• Action item
Exact reproduction of every record is required, and pictures are to be excluded.

• Data records
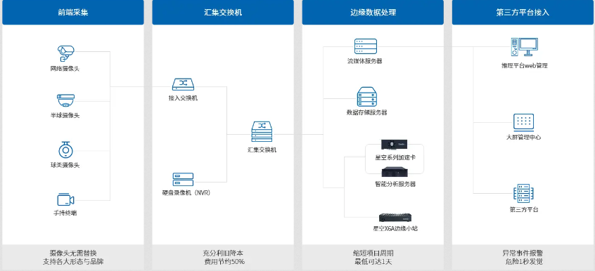 鯤云與華北市級智慧工地管理平臺合作,每個工地部署 1 個盒子,接入500路攝像機視頻流進行分析,采用安全帽檢測、反光背心識別、煙霧火焰識別、人員闖入識別等算法,實時語音報警提醒,構建危險快速響應機制,并自動留存相關圖像資料,加強工地安全管理人員的工作效率,滿足智能化建設要求。
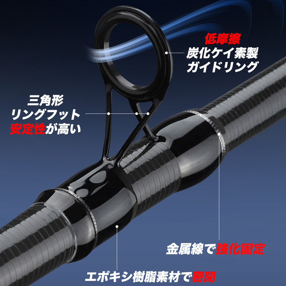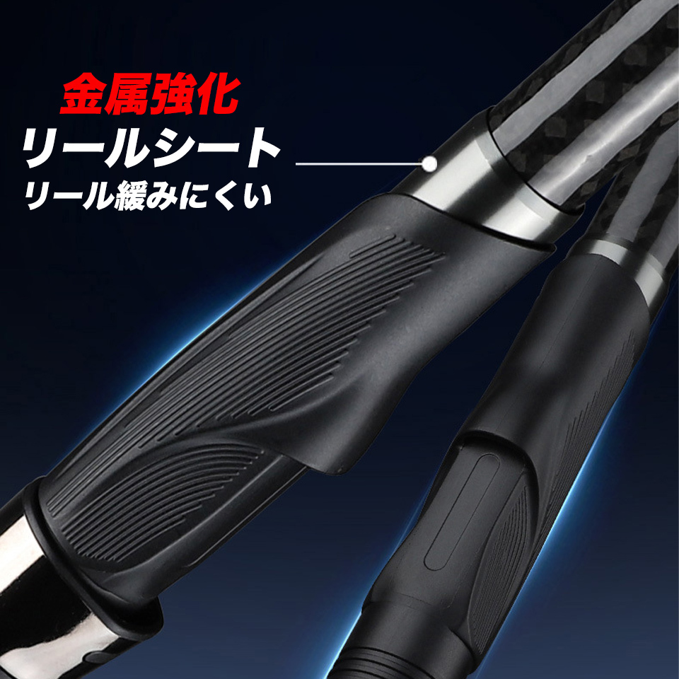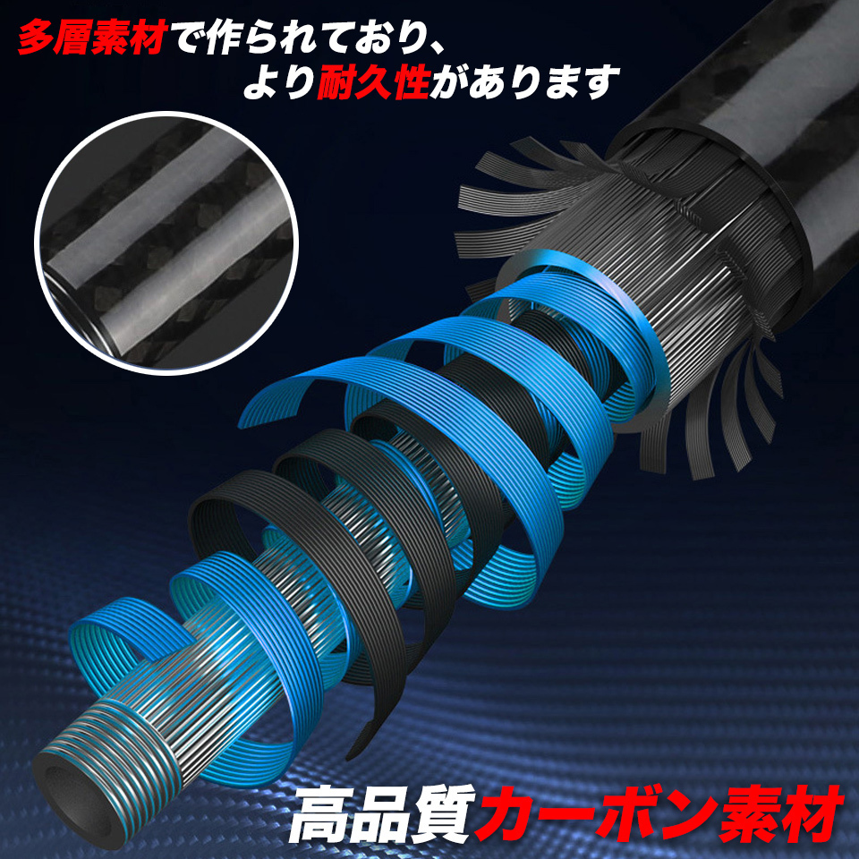 【炭素繊維と合金材質】ロッドはハイブリッド炭素繊維から作られ、超硬質であると同時に弾性に優れていて、荷重力が良いです。
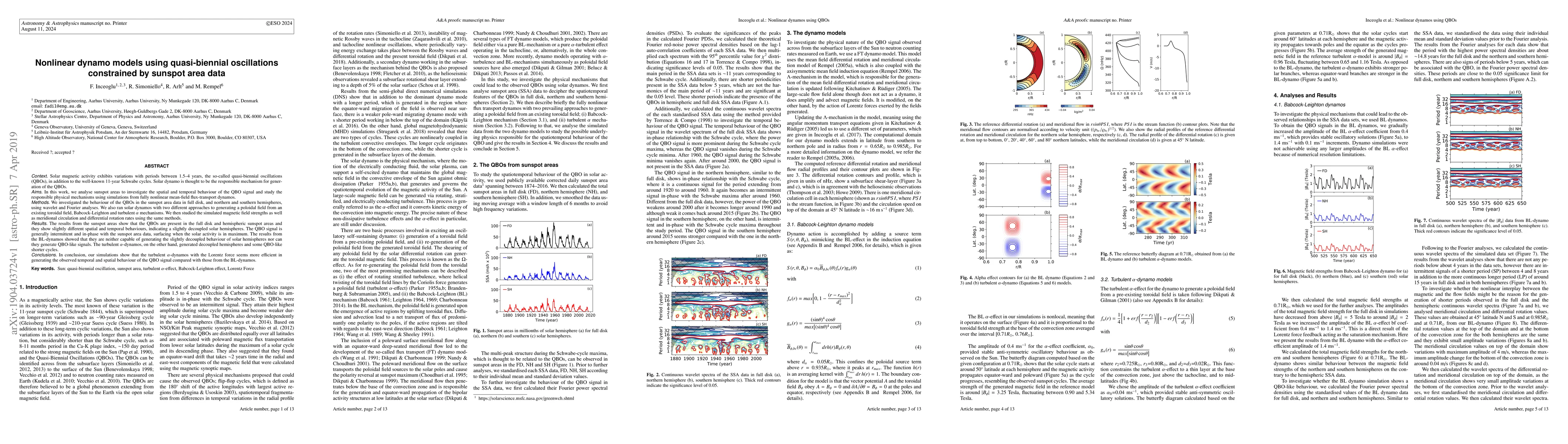 Contex: Solar magnetic activity exhibits variations with periods between 1.5--4 years, the so-called quasi-biennial oscillations (QBOs), in addition to the well-known 11-year Schwabe cycles. Solar dynamo is thought to be the responsible mechanism for generation of the QBOs. Aims: In this work, we analyse sunspot areas to investigate the spatial and temporal behaviour of the QBO signal and study the responsible physical mechanisms using simulations from fully nonlinear mean-field flux-transport dynamos. Methods: We investigated the behaviour of the QBOs in the sunspot area data in full disk, and northern and southern hemispheres, using wavelet and Fourier analyses. We also ran solar dynamos with two different approaches to generating a poloidal field from an existing toroidal field, Babcock-Leighton and turbulent $\alpha$ mechanisms. We then studied the simulated magnetic field strengths as well as meridional circulation and differential rotation rates using the same methods. Results: The results from the sunspot areas show that the QBOs are present in the full disk and hemispheric sunspot areas and they show slightly different spatial and temporal behaviours, indicating a slightly decoupled solar hemispheres. The QBO signal is generally intermittent and in-phase with the sunspot area data, surfacing when the solar activity is in maximum. The results from the BL-dynamos showed that they are neither capable of generating the slightly decoupled behaviour of solar hemispheres nor can they generate QBO-like signals. The turbulent $\alpha$-dynamos, on the other hand, generated decoupled hemispheres and some QBO-like shorter cycles. Conclusions: In conclusion, our simulations show that the turbulent $\alpha$-dynamos with the Lorentz force seems more efficient in generating the observed temporal and spatial behaviour of the QBO signal compared with those from the BL-dynamos.
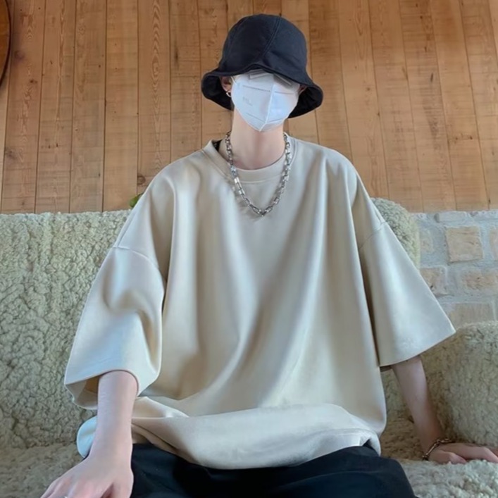 『癮品流行』美式重磅復古高街短袖T恤 麂皮絨T恤 素色T恤 圓領上衣 五分袖 純色簡約 休閒百搭 M-3XL
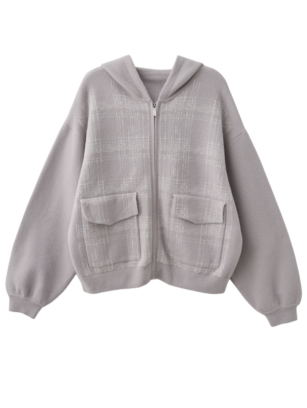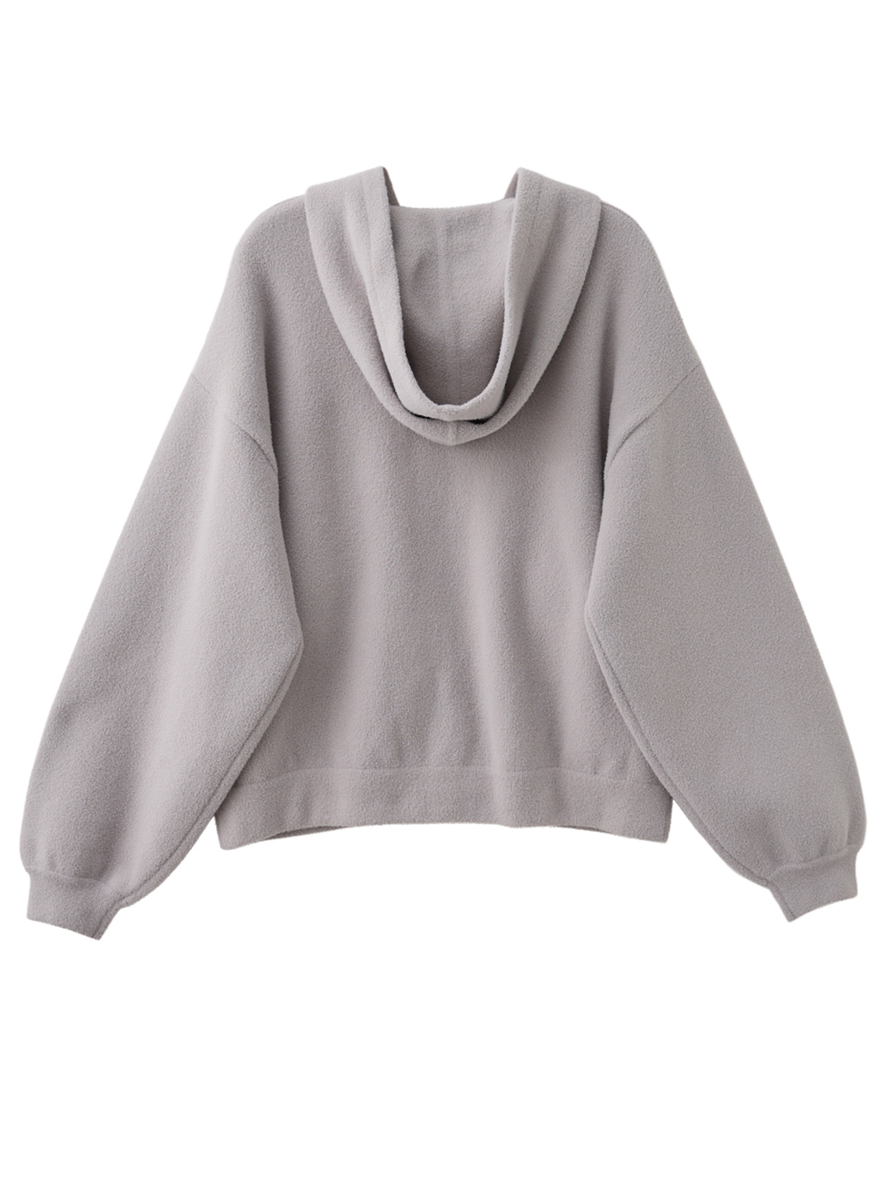 仿羽毛紗材質帶來輕盈蓬鬆首感, 表層毛絨提升溫暖度與親膚觸感, 落肩版型活動自在舒適。
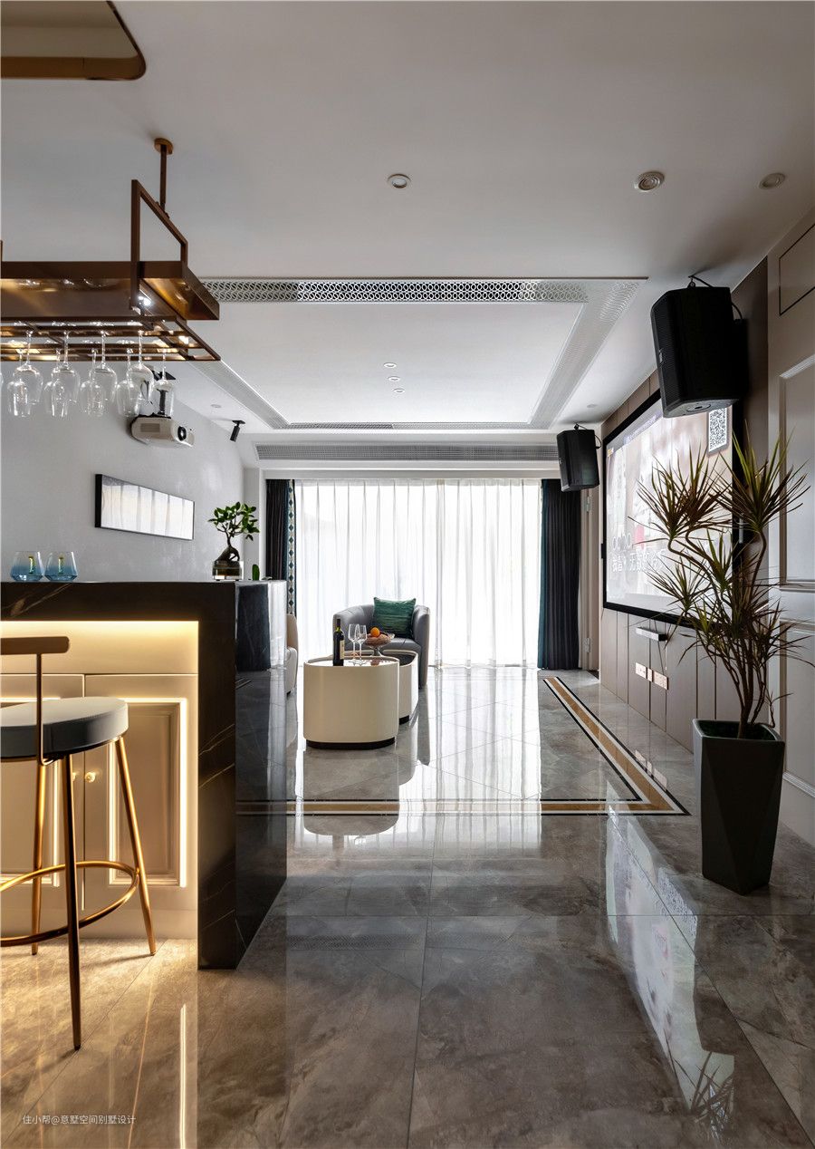 这里是地下室一楼,主要用于休闲娱乐。地下室的规划设计具有多用性,不仅有大大的储物空间,同时娱乐,影视,酒吧,健身,会客,休闲喝茶功能都得到满足。
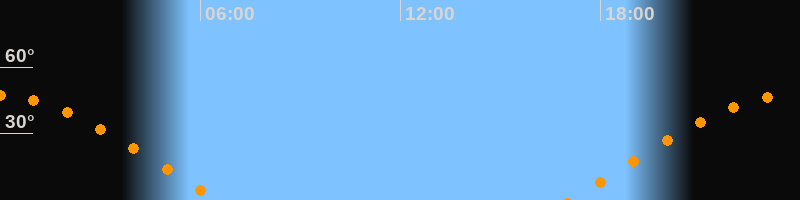 | Aufgang | 17:04 Uhr im Osten (αAz = 76,6°) |
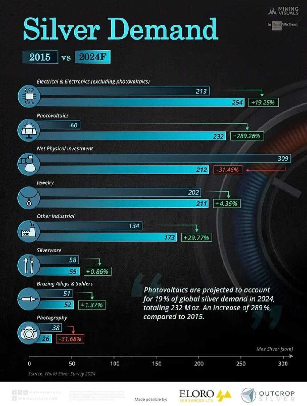 As a recap, The Silver Institute projects 2025 will be the fifth consecutive year where supply can’t keep up with demand because of the growing number of industrial uses.
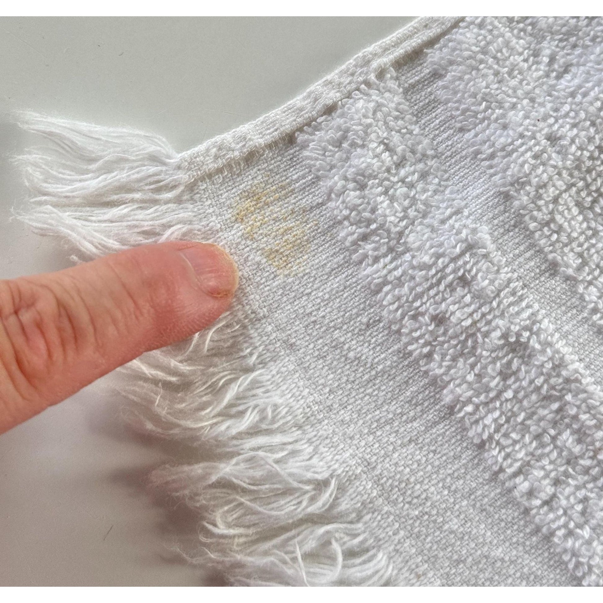 former price sticker residue stayed yellow on the back of the towel and there are some pin size rust stains on the back near the fringes. There is also one run, lengthwise, please see pictures for accuracy.
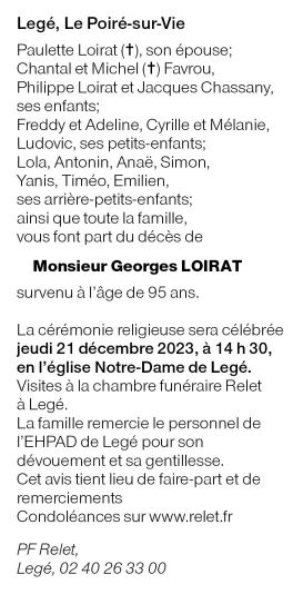 Décédé à Legé (44650, France) le mardi 19 décembre 2023 à l'âge de 95 ans
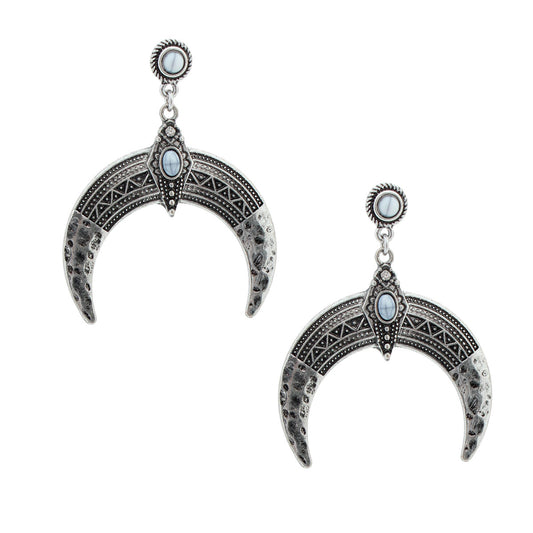 Engraved Burnished Silver Arch Earrings
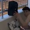 RİZE'de iki çocuk evlerinin balkonunda cep telefonuna bağlı hoparlörle ezan sesi yayını yaptı.
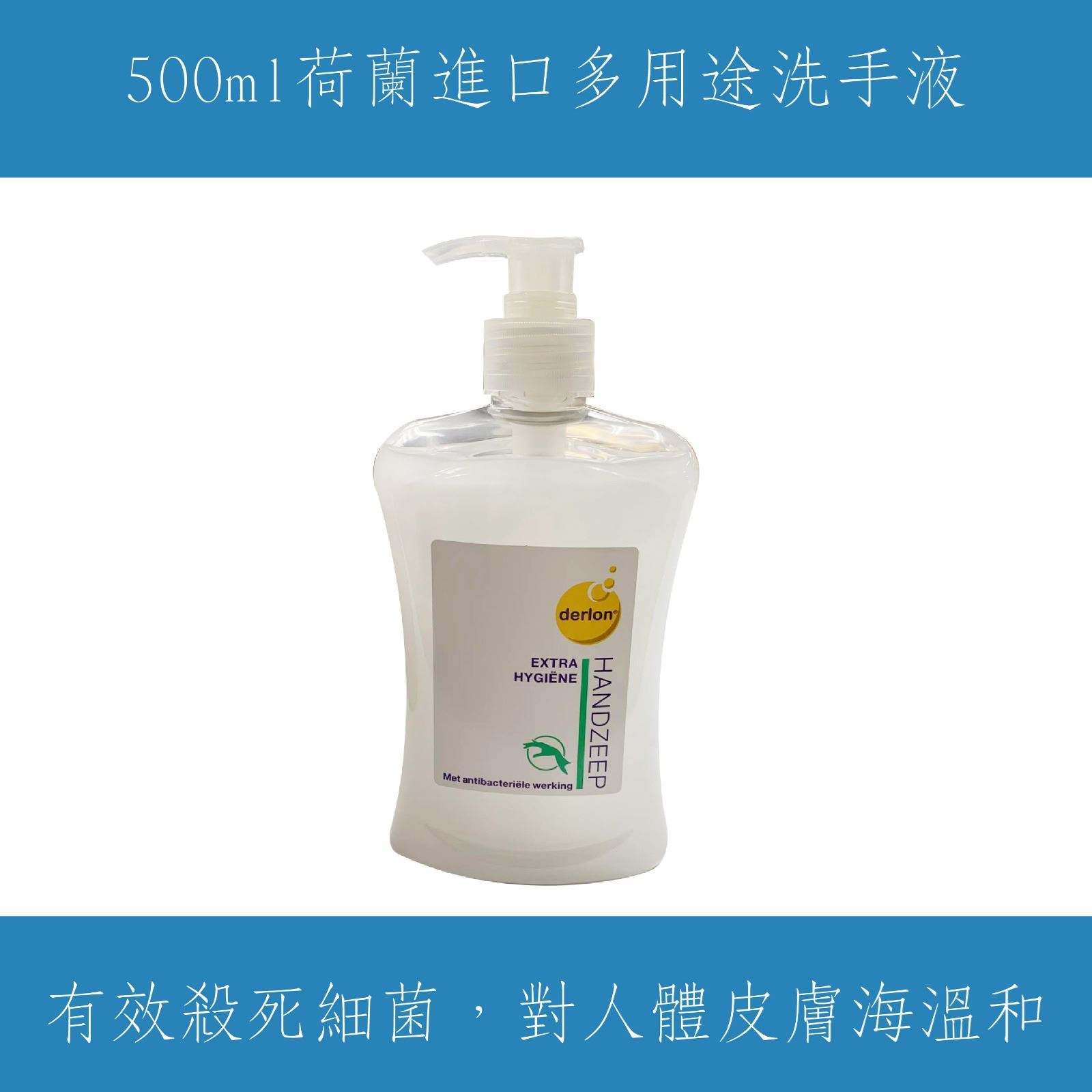 500ml荷蘭進口Derlon Extra Hygiene多用途洗手液。可以有效殺死細菌和有效殺滅多種不同病毒,對人體皮膚海溫和
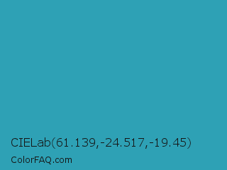 CIELab 61.139,-24.517,-19.45 Color is a normal cyan color and the nearest color is Eastern Blue #1e9ab0. Hex code #2ea1b5 and RGB value is rgb(46,161,181). In RGB color space, this color is composed of 18% red, 63% green, 71% blue, In CMYK color space, this color is composed of 75% cyan, 11% magenta, 0% yellow , 29% black , In HSL color space, this color has a hue angle of 189° , 59% saturation and 45% lightness.
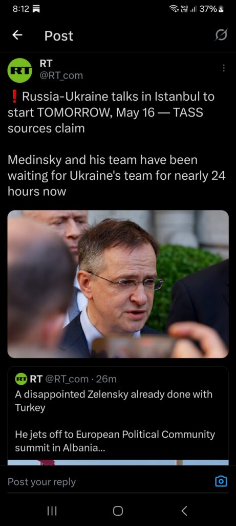 Προς το παρόν, δεν υπάρχει κάποια ανακοίνωσε σχετικά με την έναρξη των διαπραγματεύσεων στην Κωνσταντινούπολη, που φαίνεται να πηγαίνουν για Παρασκευή. Οι συνομιλίες θα ξεκινήσουν Αύριο, 16 Μαΐου, σύμφωνα με πηγές του TASS. Ο δε Τούρκος υπουργός Εξωτερικών Χακάν Φιντάν θα συναντηθεί απόψε με την ρωσική αντιπροσωπεία στο Ντολμάμπαχτσε.
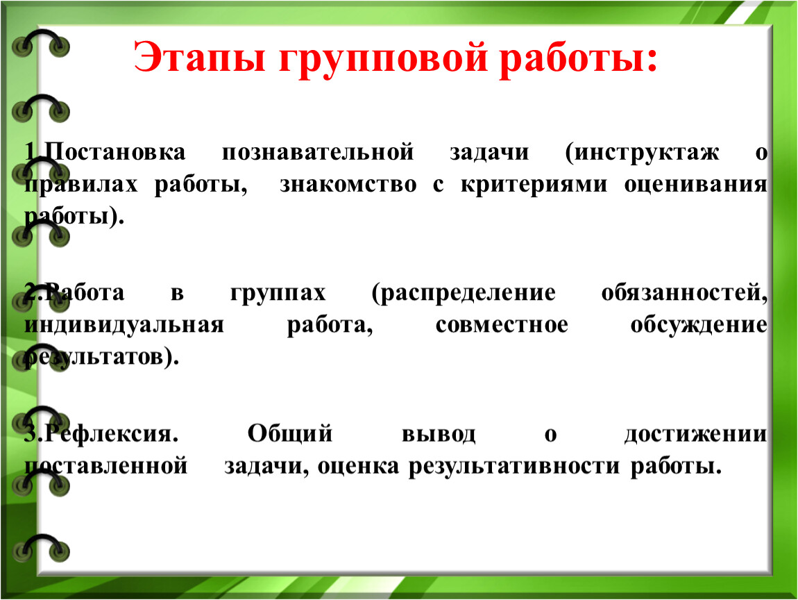 участие учащихся в оценке хода работы и достигнутых результатов.

• Response below
 鯤云與華北市級智慧工地管理平臺合作,每個工地部署 1 個盒子,接入500路攝像機視頻流進行分析,采用安全帽檢測、反光背心識別、煙霧火焰識別、人員闖入識別等算法,實時語音報警提醒,構建危險快速響應機制,并自動留存相關圖像資料,加強工地安全管理人員的工作效率,滿足智能化建設要求。
 【炭素繊維と合金材質】ロッドはハイブリッド炭素繊維から作られ、超硬質であると同時に弾性に優れていて、荷重力が良いです。
 Contex: Solar magnetic activity exhibits variations with periods between 1.5--4 years, the so-called quasi-biennial oscillations (QBOs), in addition to the well-known 11-year Schwabe cycles. Solar dynamo is thought to be the responsible mechanism for generation of the QBOs. Aims: In this work, we analyse sunspot areas to investigate the spatial and temporal behaviour of the QBO signal and study the responsible physical mechanisms using simulations from fully nonlinear mean-field flux-transport dynamos. Methods: We investigated the behaviour of the QBOs in the sunspot area data in full disk, and northern and southern hemispheres, using wavelet and Fourier analyses. We also ran solar dynamos with two different approaches to generating a poloidal field from an existing toroidal field, Babcock-Leighton and turbulent $\alpha$ mechanisms. We then studied the simulated magnetic field strengths as well as meridional circulation and differential rotation rates using the same methods. Results: The results from the sunspot areas show that the QBOs are present in the full disk and hemispheric sunspot areas and they show slightly different spatial and temporal behaviours, indicating a slightly decoupled solar hemispheres. The QBO signal is generally intermittent and in-phase with the sunspot area data, surfacing when the solar activity is in maximum. The results from the BL-dynamos showed that they are neither capable of generating the slightly decoupled behaviour of solar hemispheres nor can they generate QBO-like signals. The turbulent $\alpha$-dynamos, on the other hand, generated decoupled hemispheres and some QBO-like shorter cycles. Conclusions: In conclusion, our simulations show that the turbulent $\alpha$-dynamos with the Lorentz force seems more efficient in generating the observed temporal and spatial behaviour of the QBO signal compared with those from the BL-dynamos.
 『癮品流行』美式重磅復古高街短袖T恤 麂皮絨T恤 素色T恤 圓領上衣 五分袖 純色簡約 休閒百搭 M-3XL
 仿羽毛紗材質帶來輕盈蓬鬆首感, 表層毛絨提升溫暖度與親膚觸感, 落肩版型活動自在舒適。
 这里是地下室一楼,主要用于休闲娱乐。地下室的规划设计具有多用性,不仅有大大的储物空间,同时娱乐,影视,酒吧,健身,会客,休闲喝茶功能都得到满足。
 | Aufgang | 17:04 Uhr im Osten (αAz = 76,6°) |
 As a recap, The Silver Institute projects 2025 will be the fifth consecutive year where supply can’t keep up with demand because of the growing number of industrial uses.
 former price sticker residue stayed yellow on the back of the towel and there are some pin size rust stains on the back near the fringes. There is also one run, lengthwise, please see pictures for accuracy.
 Décédé à Legé (44650, France) le mardi 19 décembre 2023 à l'âge de 95 ans
 Engraved Burnished Silver Arch Earrings
 RİZE'de iki çocuk evlerinin balkonunda cep telefonuna bağlı hoparlörle ezan sesi yayını yaptı.
 500ml荷蘭進口Derlon Extra Hygiene多用途洗手液。可以有效殺死細菌和有效殺滅多種不同病毒,對人體皮膚海溫和
 CIELab 61.139,-24.517,-19.45 Color is a normal cyan color and the nearest color is Eastern Blue #1e9ab0. Hex code #2ea1b5 and RGB value is rgb(46,161,181). In RGB color space, this color is composed of 18% red, 63% green, 71% blue, In CMYK color space, this color is composed of 75% cyan, 11% magenta, 0% yellow , 29% black , In HSL color space, this color has a hue angle of 189° , 59% saturation and 45% lightness.
 Προς το παρόν, δεν υπάρχει κάποια ανακοίνωσε σχετικά με την έναρξη των διαπραγματεύσεων στην Κωνσταντινούπολη, που φαίνεται να πηγαίνουν για Παρασκευή. Οι συνομιλίες θα ξεκινήσουν Αύριο, 16 Μαΐου, σύμφωνα με πηγές του TASS. Ο δε Τούρκος υπουργός Εξωτερικών Χακάν Φιντάν θα συναντηθεί απόψε με την ρωσική αντιπροσωπεία στο Ντολμάμπαχτσε.
 участие учащихся в оценке хода работы и достигнутых результатов.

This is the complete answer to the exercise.